Start of Data excerpts

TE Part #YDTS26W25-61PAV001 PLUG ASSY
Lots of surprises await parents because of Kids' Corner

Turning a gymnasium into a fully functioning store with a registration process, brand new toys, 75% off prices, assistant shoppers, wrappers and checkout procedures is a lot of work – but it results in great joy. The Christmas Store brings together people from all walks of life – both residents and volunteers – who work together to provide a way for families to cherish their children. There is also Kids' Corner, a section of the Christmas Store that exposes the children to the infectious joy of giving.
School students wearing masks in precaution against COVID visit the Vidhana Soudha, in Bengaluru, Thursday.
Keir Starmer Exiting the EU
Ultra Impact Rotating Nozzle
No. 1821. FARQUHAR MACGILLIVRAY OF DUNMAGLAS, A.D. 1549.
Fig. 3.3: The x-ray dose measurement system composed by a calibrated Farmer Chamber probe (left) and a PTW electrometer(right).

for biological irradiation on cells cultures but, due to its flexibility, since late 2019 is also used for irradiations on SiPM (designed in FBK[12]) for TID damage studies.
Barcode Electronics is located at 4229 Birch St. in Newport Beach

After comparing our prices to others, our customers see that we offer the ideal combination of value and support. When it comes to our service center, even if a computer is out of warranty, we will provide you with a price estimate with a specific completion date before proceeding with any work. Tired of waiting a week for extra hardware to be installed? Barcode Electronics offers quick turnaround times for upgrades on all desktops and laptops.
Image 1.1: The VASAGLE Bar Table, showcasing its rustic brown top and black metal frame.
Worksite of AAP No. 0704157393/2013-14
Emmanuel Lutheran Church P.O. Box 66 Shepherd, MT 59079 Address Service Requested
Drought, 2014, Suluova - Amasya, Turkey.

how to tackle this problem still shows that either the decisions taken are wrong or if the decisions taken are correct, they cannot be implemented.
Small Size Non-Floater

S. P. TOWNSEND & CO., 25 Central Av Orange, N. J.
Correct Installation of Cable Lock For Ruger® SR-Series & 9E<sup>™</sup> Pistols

End of Data excerpts
Start of Data excerpts

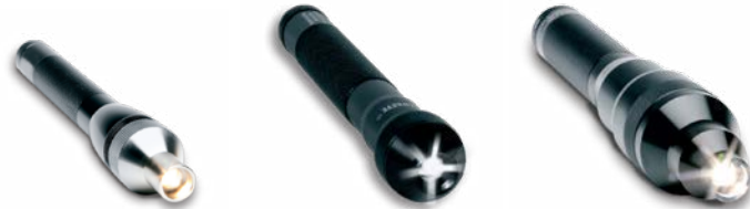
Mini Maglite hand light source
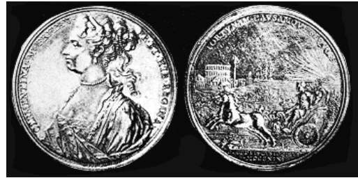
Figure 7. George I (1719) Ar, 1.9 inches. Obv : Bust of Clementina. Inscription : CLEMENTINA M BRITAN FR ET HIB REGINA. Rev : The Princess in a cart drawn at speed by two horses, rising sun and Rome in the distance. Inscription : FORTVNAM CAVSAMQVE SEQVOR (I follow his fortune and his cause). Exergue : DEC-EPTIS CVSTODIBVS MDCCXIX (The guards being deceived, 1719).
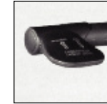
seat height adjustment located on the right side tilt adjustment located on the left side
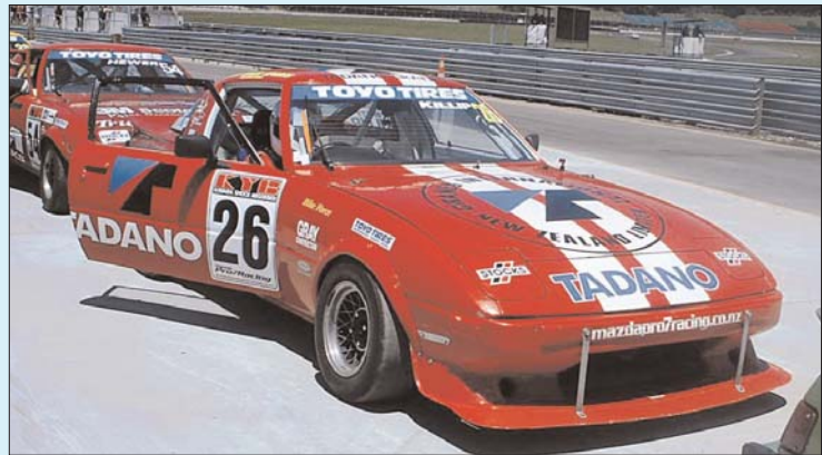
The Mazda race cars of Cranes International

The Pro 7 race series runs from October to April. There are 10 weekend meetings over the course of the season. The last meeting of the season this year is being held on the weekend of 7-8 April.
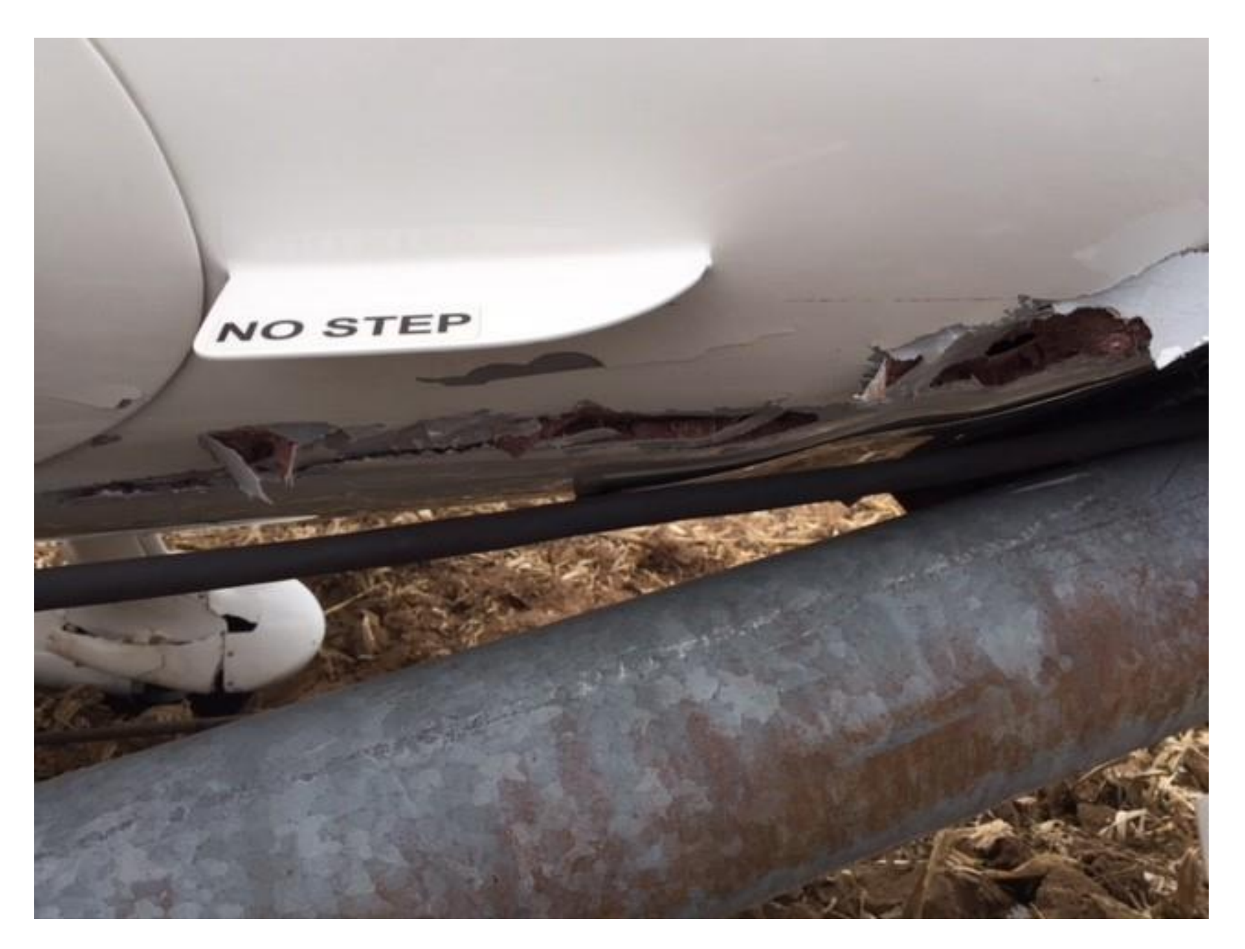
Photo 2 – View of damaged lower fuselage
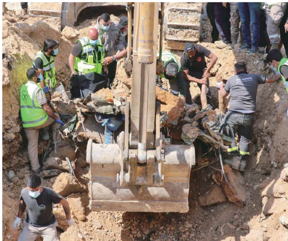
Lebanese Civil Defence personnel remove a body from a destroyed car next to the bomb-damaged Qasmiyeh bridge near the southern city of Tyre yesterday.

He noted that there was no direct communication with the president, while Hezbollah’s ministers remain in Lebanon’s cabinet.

End of Data excerpts

In the entries above, the lines between the one holding "S. P. TOWNSEND" and the one holding "Correct Installation of", inclusive, are to be printed exactly as written, and those alone.

S. P. TOWNSEND & CO., 25 Central Av Orange, N. J.
Correct Installation of Cable Lock For Ruger® SR-Series & 9E<sup>™</sup> Pistols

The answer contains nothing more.